WHAT TO WORK ON: Starting at the top of the listing, extract every line up to and including the one with "Det smukkeste porcelæn". Pictures stay out of the copy.
-------- DATA BELOW --------
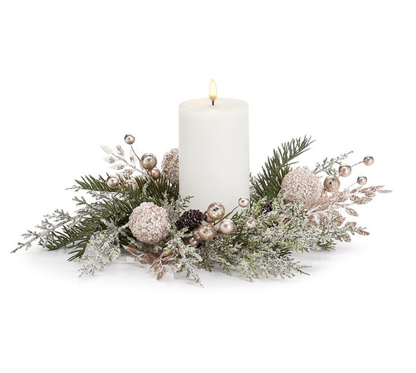 Plastic candle ring with foam winter greenery and pine with gold leaves, balls and round ornaments with beading all over.6"H x 6"W x 1.5"D. 4.5" Diameter.
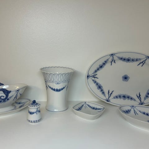 Det smukkeste porcelæn fra Bing & Grøndahl i stellet Empire med skællet mønster og guirlander af blå blomster.
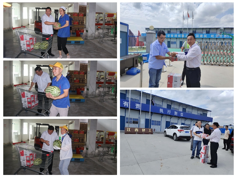 近日,隨州持續(xù)高溫天氣,黃鶴樓酒業(yè)黨委委員、隨州分廠廠長閔波平,釀造管理中心總監(jiān)助理史健代表公司分別為車間員工、項(xiàng)目施工單位等送去古樂神曲、西瓜等消暑物資,為酷暑天堅(jiān)持在一線崗位的員工送來一絲清涼。
--------
OUTPUT FOR THIS EXERCISE:
 Plastic candle ring with foam winter greenery and pine with gold leaves, balls and round ornaments with beading all over.6"H x 6"W x 1.5"D. 4.5" Diameter.
 Det smukkeste porcelæn fra Bing & Grøndahl i stellet Empire med skællet mønster og guirlander af blå blomster.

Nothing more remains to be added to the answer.